Telomerase reverse transcriptase promoter mutations in multiple cancers
|Cancer type||Number of cancer cases||Number of TERT mutations*||Number of different types of TERT promoter mutations**||Methods||Ref.|
|C228T||C250T||C228T or C250T|
|Glioma, medulloblastoma, hepatocellular carcinoma, etc.||1230||231 (18.8)||179 (77.5)||48 (20.8)||227 (98.3)||PCR/Sanger sequencing|||
|Bladder cancer, liver cancer, glioma, etc.||1581||426 (26.9)||/||/||/||Whole-genome/low-pass whole-genome sequencing|||
|CNS cancers||1515||327 (21.6)||257 (78.6)||68 (20.8)||325 (99.4)||PCR/bidirectional sequencing|||
|CNS, bladder, thyroid cancers, etc.||741||142 (19.2)||99 (69.6)||43 (30.3)||140 (98.6)||PCR/Sanger sequencing|||
|Urogenital cancers||302||130 (43.0)||100 (76.9)||24 (18.5)||124 (96.4)||PCR/Sanger sequencing|||
|Medulloblastoma||466||98 (21.0)||/||/||/||PCR/Sanger sequencing|||
|Melanoma||287||109 (38.0)||51 (46.8)||40 (36.7)||91 (83.5)||PCR/Sanger sequencing|||
|Bladder cancer||262||218 (83.2)||165 (75.7)||32 (14.7)||197 (90.4)||SNaPshot assay and Sanger sequencing|||
|Melanoma||77||24 (31.2)||7 (29.2)||5 (20.8)||12 (50.0)||High-throughput sequencing/Sanger sequencing|||
|Cancer cell line|
|Melanoma||168||125 (74.4)||46 (36.8)||64 (51.2)||110(88)||High-throughput sequencing/Sanger sequencing|||
|Melanoma, liver, bladder cancers, etc.||150||24 (36.0)||/||/||24(100)||Whole-genome sequencing, Sanger sequencing,|||
|Urothelial bladder cancer||23||20 (87.0)||16 (80.0)||2 (10.0)||18 (90.0)||PCR/Sanger sequencing|||
|Urothelial bladder cancer||32||28 (87.5)||25 (89.3)||3 (10.7)||28(100)||PCR/Sanger sequencing|||
The genomic landscape of HCC involves a number of pathways as well as somatic mutations in a wide range of genes, including TP53, CTNNB1, AXIN1, CDKN2A, ARID2, ARID1A, TSC1/TSC2, RPS6KA3, KEAP1, MLL2, and several epigenetic modifications. Despite the complexity of the genomic landscape of HCC, the single most significant factor is genomic changes on TERT promoter, which include point mutations, hepatitis B virus (HBV) DNA integrations, amplifications and epigenetic modifications. TERT promoter point mutations contribute more frequently (54%-60%) to the reactivation of telomerase in HCC than the exclusively-present HBV insertions in the TERT promoter (10%-15%) and TERT amplification (5%-6%)[6-8]. Therefore, we are going to thoroughly discuss TERT promoter mutations while briefly touching upon other genomic and epigenomic alterations on TERT promoter in HCC.

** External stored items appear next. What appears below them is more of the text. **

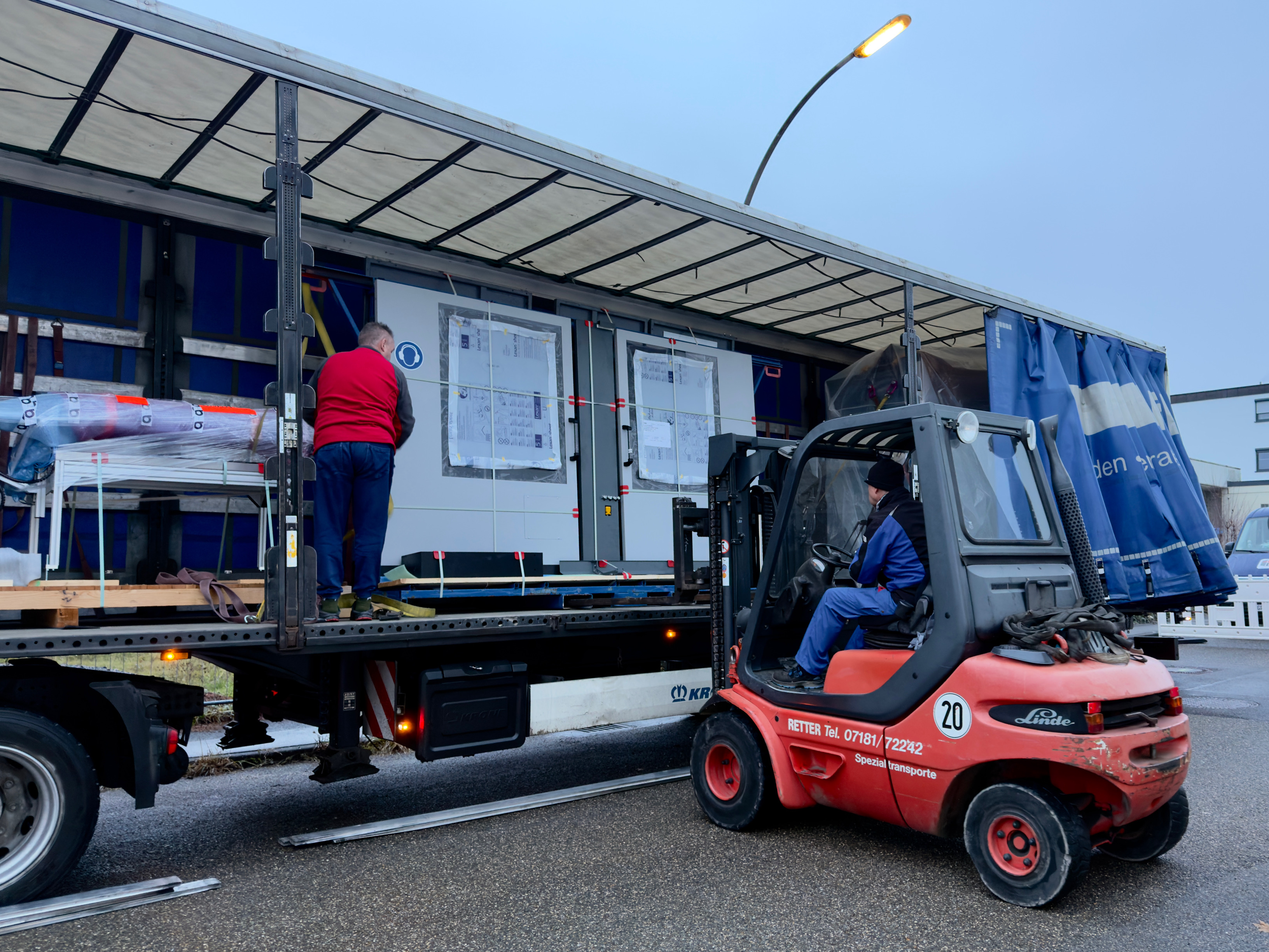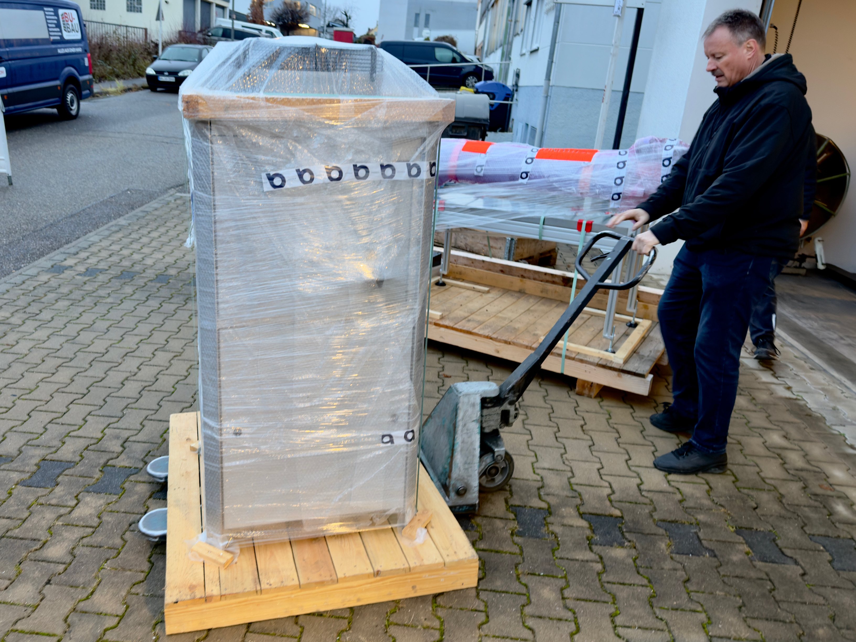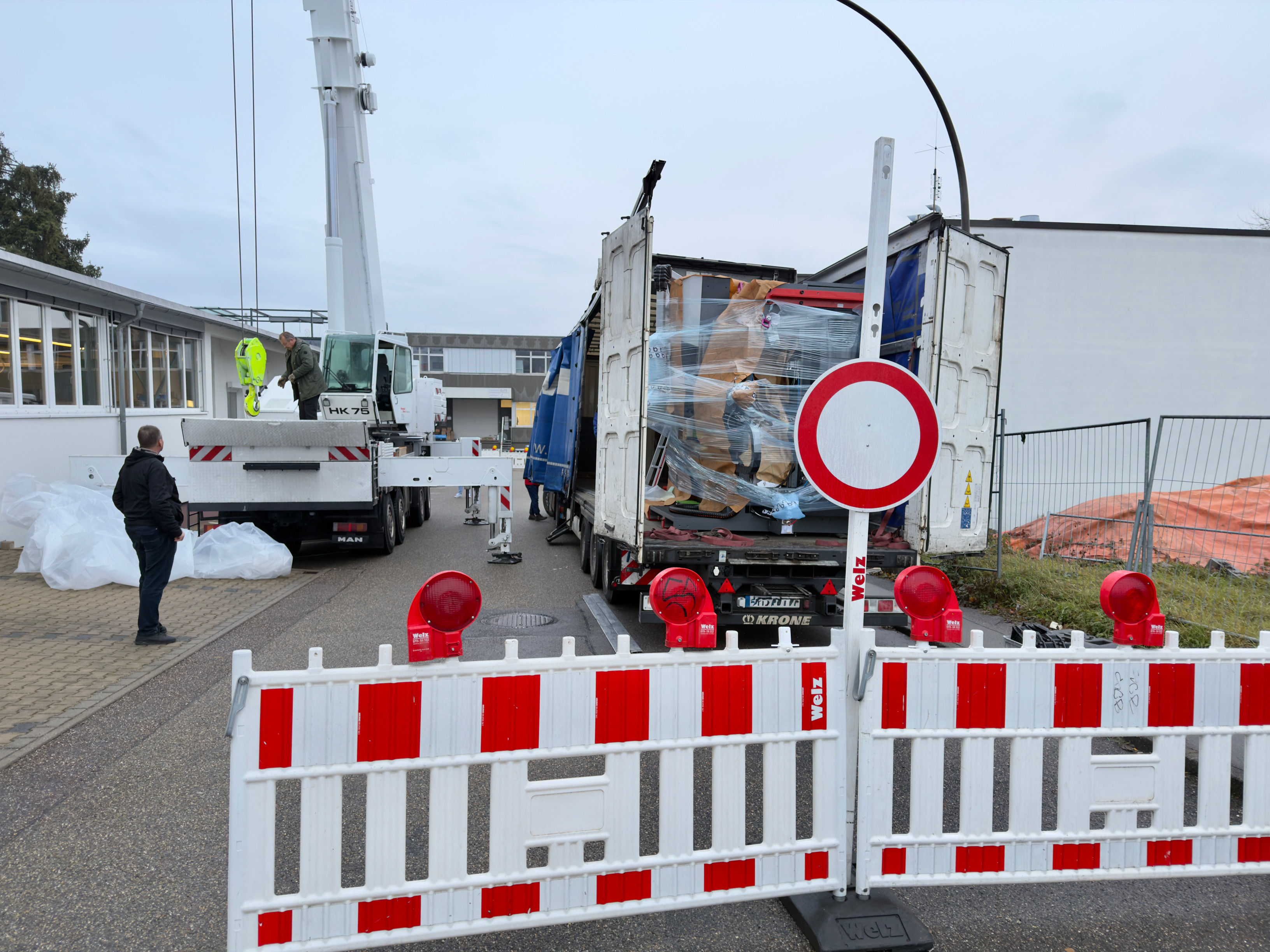 - Am frühen Morgen des 25. November 2025 um 8:00 Uhr wurde unsere neue BIHLER RM-NC Maschine geliefert. Mit Unterstützung eines Krans konnte die Maschine sorgfältig und präzise vom LKW abgeladen werden. Anschließend wurde sie – mit vollem Körpereinsatz und größter Sorgfalt – an ihrem zukünftigen Standort im Produktionsbereich positioniert.
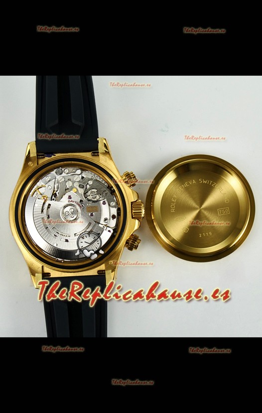 Genuino Movimiento Cal.4130 construido desde cero sin modificaciones, Platos y Rotores chapados en Platino como en el Original. El mismo Movimiento que encuentras en los Relojes Rolex Daytona
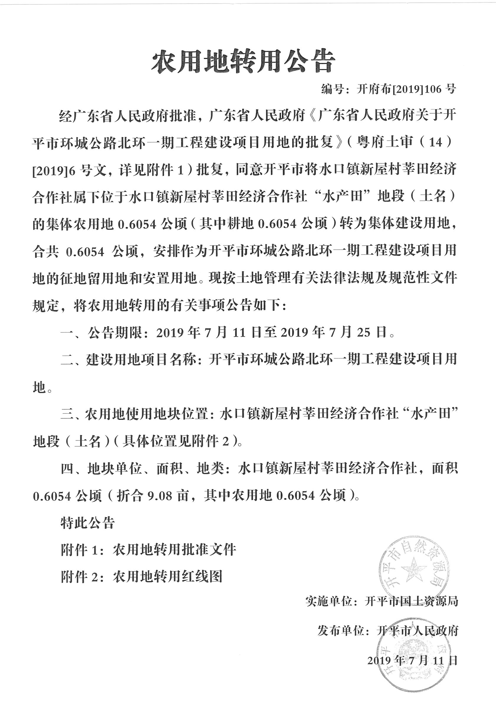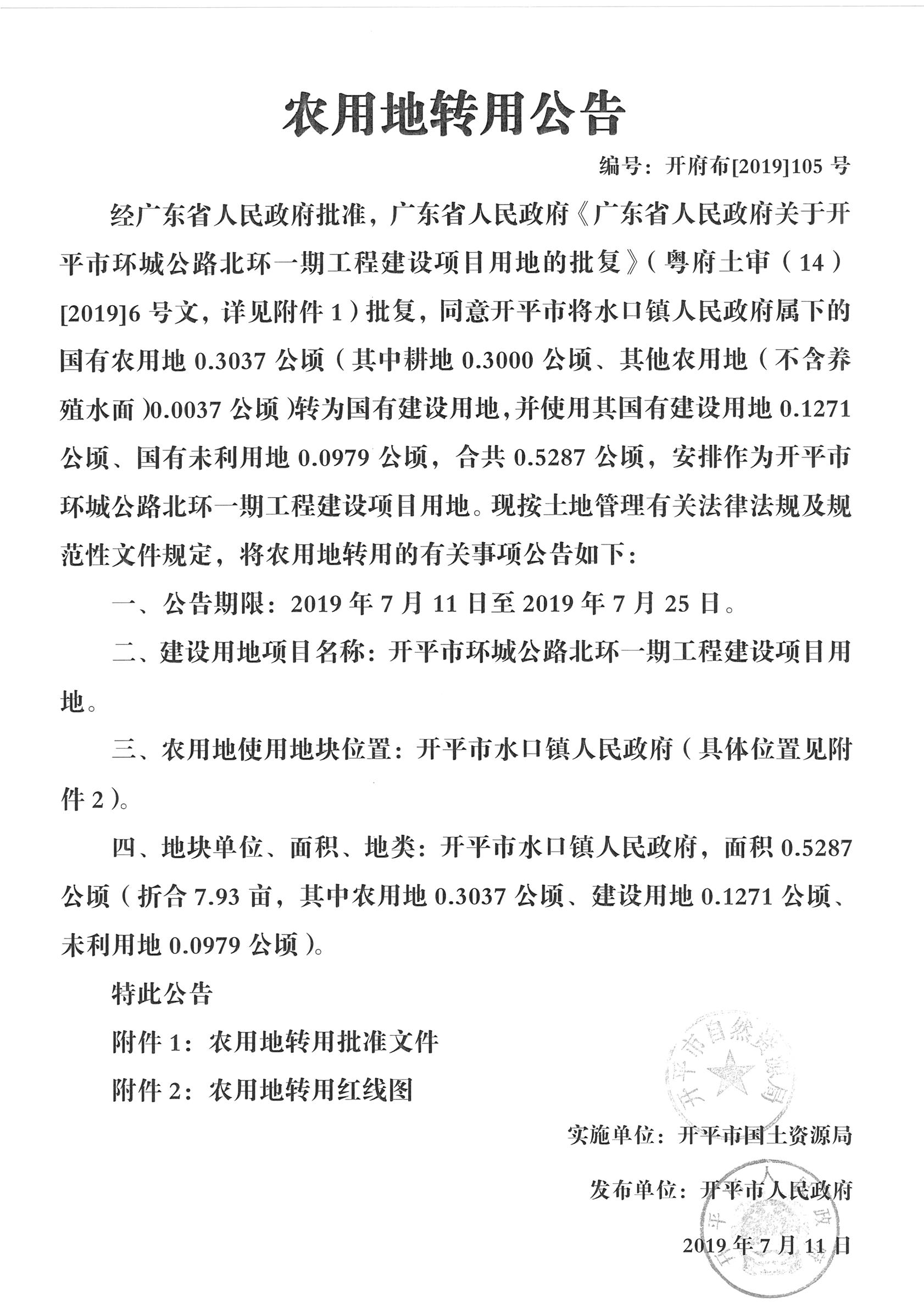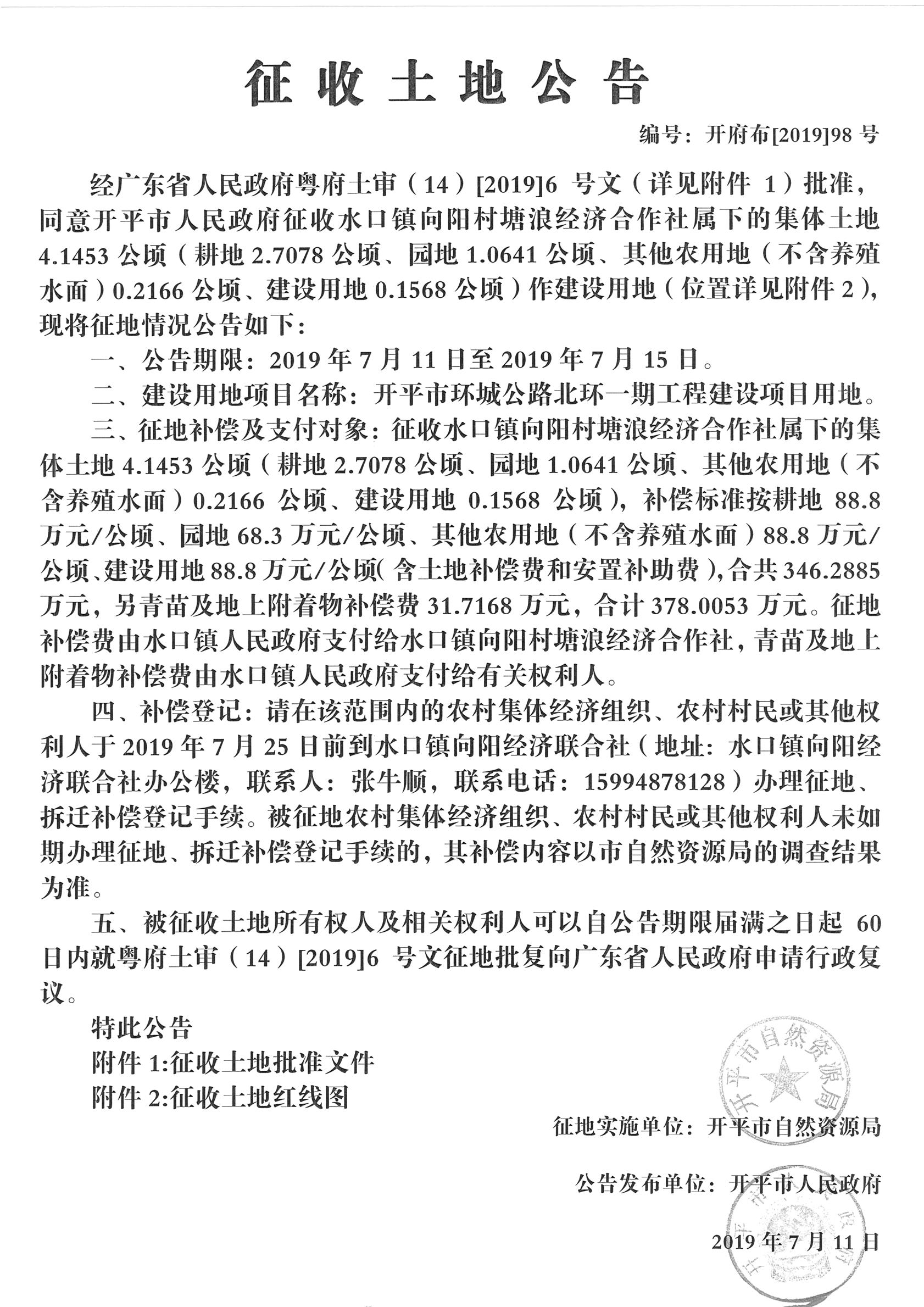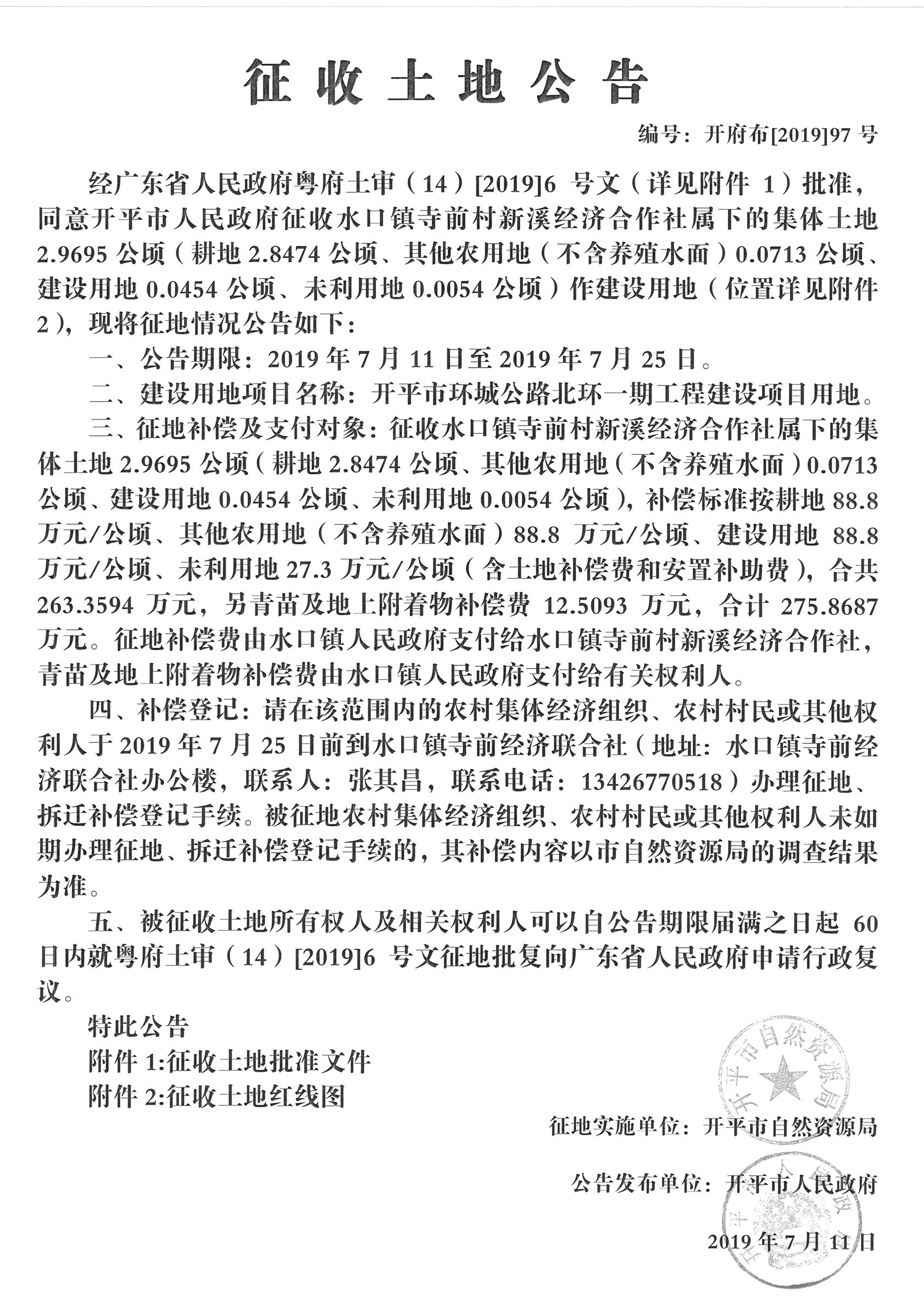 征收土地公告(開平市環(huán)城公路北環(huán)一期工程建設(shè)項目用地)
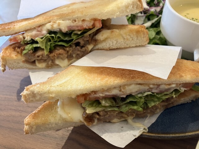 本日のホットサンド、サラダ、スープ、コーヒー付き
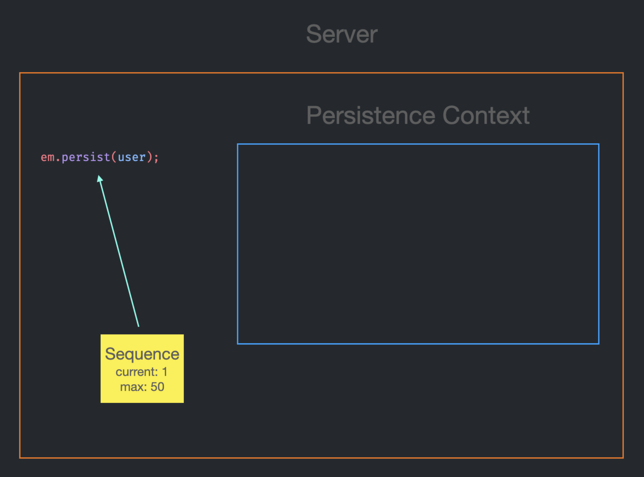 em.persist를 호출할 때마다 sequence로부터 current 값을 받고 current는 1을 증가시킨다.

A few prominent studies on HCC demonstrated that TERT promoter mutations were found in about 30%-60% of the total cases[8,39-49]. Consistent with the findings in other cancer types, the two most common mutations were C228T and C250T, and the former was more prevalent than the latter in HCC [Table 2][8,39-47]. As shown in Table 2, there are no cases with both C228T and C250T mutations, which implies that these two hot spot mutations are mutually exclusive. Furthermore, a comprehensive review evaluating the distribution of TERT promoter mutations in 1,939 primary HCC from four continents also showed that TERT promoter mutations had almost the same level of prevalence in all continents, with slightly higher mutation rates in Europe (56.6%) and Africa (53.3%) than in America (40%) and Asia (42.5%), and that C228T mutation was universally more frequent than C250T.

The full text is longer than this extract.